Data block:
§

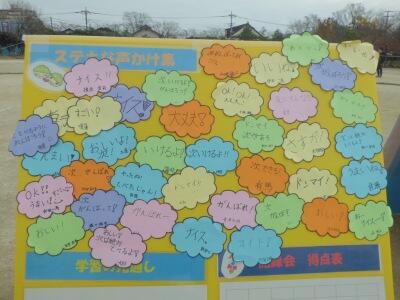 練習中、友達からかけてもらってうれしかった言葉やアドバイスを掲示しています。
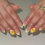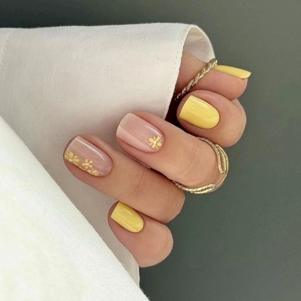 Subtle yet absolutely cute, this short nail design features alternating shiny yellow polish and transparent bases adorned with tiny yellow flowers. People can wear this design with ease as it creates a charming look perfect for weekend getaways and casual brunches. This nail design effectively combines both the almond short simple look of 2025 and seasonal fresh aspects with sunny friendly feelings. If you’re looking for something simple yet uplifting, this floral idea is a top pick.
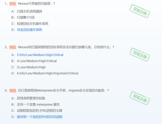 通过该实验,我熟悉了Nessus漏洞扫描工具的安装和主机漏洞扫描的方法,学会了利用Nessus扫描结果筛选合适的Metasploit攻击模块进行安全测试、攻击。

§

Instructions to follow:
Would you return the material exactly, images excluded?

Output for this task:
 練習中、友達からかけてもらってうれしかった言葉やアドバイスを掲示しています。
 Subtle yet absolutely cute, this short nail design features alternating shiny yellow polish and transparent bases adorned with tiny yellow flowers. People can wear this design with ease as it creates a charming look perfect for weekend getaways and casual brunches. This nail design effectively combines both the almond short simple look of 2025 and seasonal fresh aspects with sunny friendly feelings. If you’re looking for something simple yet uplifting, this floral idea is a top pick.
 通过该实验,我熟悉了Nessus漏洞扫描工具的安装和主机漏洞扫描的方法,学会了利用Nessus扫描结果筛选合适的Metasploit攻击模块进行安全测试、攻击。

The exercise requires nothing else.